Stories of exclusion – Pique Newsmagazine

Sarah Dyson’s son Alec is not your typical five-year-old.

To the untrained eye, some may say he’s disobedient, at least “for lack of a better way to put it,” Dyson said.

“I can’t say no to him. We do everything indirectly. Either he hears me say something and then he decides it’s his idea, and he’s okay with that, or I say something like “I think I could do this, and I could do that”, and then he’ll say “Oh, actually, I want to do this.

Alec is autistic and suffers from Attention Deficit Hyperactivity Disorder (ADHD) – one of thousands of Canadian children diagnosed as such (a 2018 study by the Canadian government found that one in 66 children aged 5 to 17 had been diagnosed with Autism Spectrum Disorder).

“Since we’ve had all of his reviews, and now that we understand it a lot better, we’ve completely reversed our parenting style… and it’s working,” Dyson said.

“We have a much stronger relationship with him. There is a lot less screaming, but… we are walking on eggshells around him.

Enrolled for a year in the Whistler Waldorf School’s (WWS) ‘Little Cedars’ program for early learning, Alec ‘thrived’ with the help of a support worker, Dyson said, but when the time came to ‘enrolling Alec in kindergarten, the school said he could not meet his needs.

After his parents, who are now moving to Australia, submitted an official letter of complaint, WWS agreed to accept Alec with seven conditions. But the parents remained disillusioned.

While Alec’s Waldorf teachers were “extraordinary”, communicating and collaborating regularly, “we are disappointed with the reluctance of the administration to adapt to Alec’s handicap and the poor communication of the administration,” said -they wrote in a letter of May 28 refusing conditional registration.

“We found our experience with the Waldorf administration very unprofessional.

“Nothing was ever discussed with us; we were only told what the administration process would be and when we should expect a decision.

Asked for comment, WWS Director of Advancement Jen Dodds said the school could not discuss the specific circumstances surrounding a family or student due to privacy laws and WWS policy.

“[WWS]“A thorough admissions process is meant to ensure a good fit for prospective students and their families,” Dodds said in an email.

“This includes a fair and inclusive process, as well as recognition of WWS’s independent, not-for-profit school environment and specialized curriculum programming. The end goal of the admissions process is to enable prospective students and families to make as informed a decision as possible, so that students have the best chance of succeeding at WWS.

As an independent, non-profit school, Waldorf is free to set its own admission policies.

Despite this, the school “is committed to meeting its obligations under human rights laws to ensure non-discriminatory access to education and reasonable accommodation in education without undue hardship,” said Dodds.

“WWS is also committed to being as inclusive as possible in all measures. “

While WWS was ready to accept Alec, Dyson felt it was important to share his experience.
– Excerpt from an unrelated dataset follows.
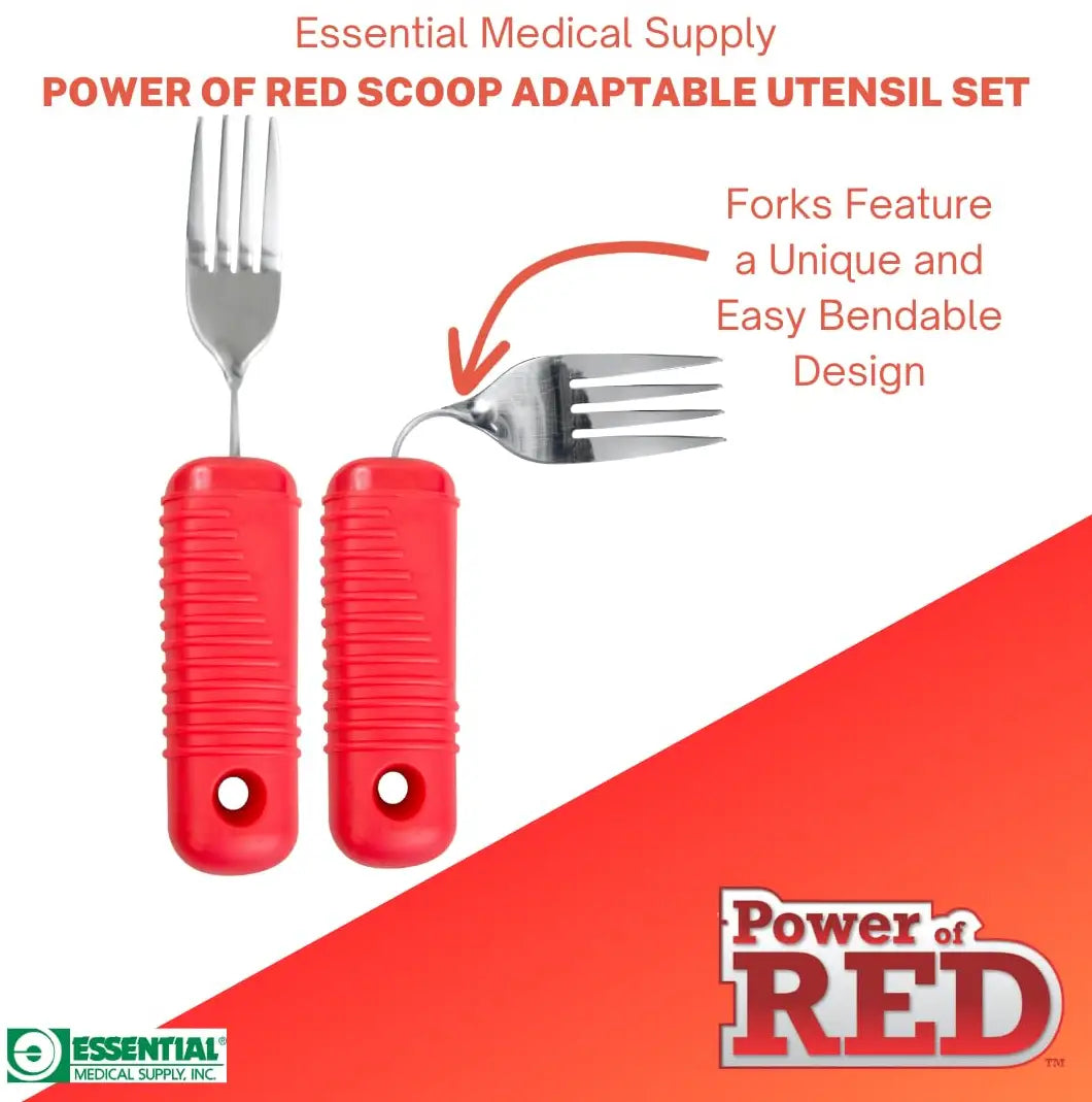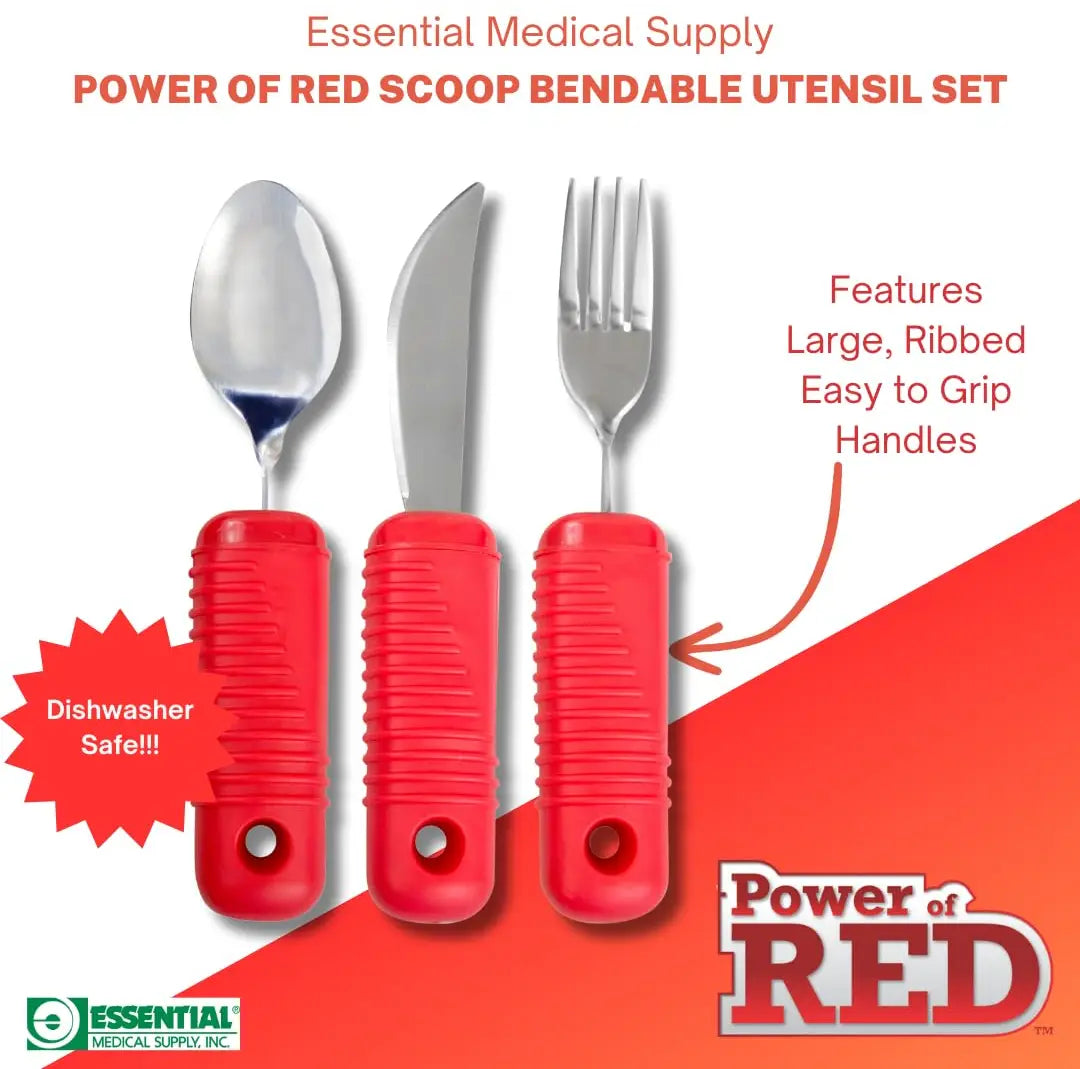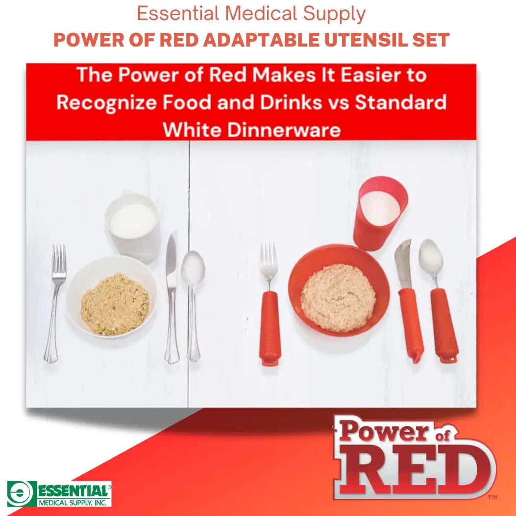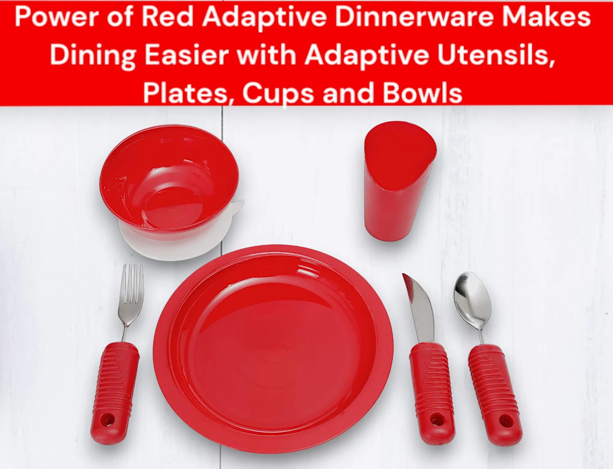Designed specifically for those with limited hand strength or dexterity, this adaptive utensil set makes mealtime more manageable and enjoyable. The vibrant red color has been shown to increase food recognition and eating engagement for individuals with Alzheimer's and dementia.

“One of the reasons I want to speak is that it doesn’t happen to future families,” she said.

“Waldorf slowly but surely puts so many obstacles in front of children who need extra help that they end up being forced out of school, essentially. “


Families of children with disabilities face a myriad of challenges navigating education systems, whether schools are independent or public.

While each family’s history is unique in its own way, the reality of school exclusions – which can take different forms, some more obvious than others – is a reality experienced by hundreds of families in British Columbia.

Teacher and consultant Jenn Scharf, herself a mother of a complex learner, recently released a document called Stories of Exclusion, which features 60 different stories from families from across the province, each detailing a different experience of exclusion. school due to a disability.

By sharing the stories with school districts and other education stakeholders, Scharf hopes to shed light on system-wide issues (read the entire document at

“It’s not that people don’t have good intentions… I’m a teacher myself and there are great people in the buildings; it’s not about people getting their personal safeguard, ”she said.

“We have to personalize these stories, but we should not talk about them if we are in a position of power… Maybe we have work to do despite our best intentions, despite our hopes and dreams, despite what is written. in the district education plan. How is it really happening on the ground? “

Through her own research and personal experiences, Scharf connected with the BC Ed Access Society (BCEAS), which itself advocates for children with disabilities and complex learners in British Columbia since the teachers’ strike in 2014.

BCEAS hosts a Facebook group with more than 4,000 families, Scharf said.

Reading their experiences prompted her to start collecting stories, “because I realized, ‘Oh my God, I’m a teacher, I have a masters degree. [degree] in education, I’ve been in the system, and I’m struggling, and our family is traumatized, ”she said with a laugh.

“We’re struggling – what about all those families that don’t have the level of privilege and access that I have?” Maybe they don’t speak English; maybe they are in this cycle of poverty?

“It all started to add up and I realized, ‘OK, this is the job I have to do. “

Scharf’s stories of exclusion have even found their way to Jennifer Whiteside, the Minister of Education for British Columbia.

“Hearing the first-hand experiences of students of diverse abilities and their parents demonstrates the need to continue to remove barriers to equity in our public education system,” Whiteside said in an emailed statement.

“Our government is committed to working with parents, advocates and all of our education partners to this end. By having an equity perspective in all of our policies and at the forefront of our discussions and decisions, we can create environments that allow all students to have more opportunities to succeed.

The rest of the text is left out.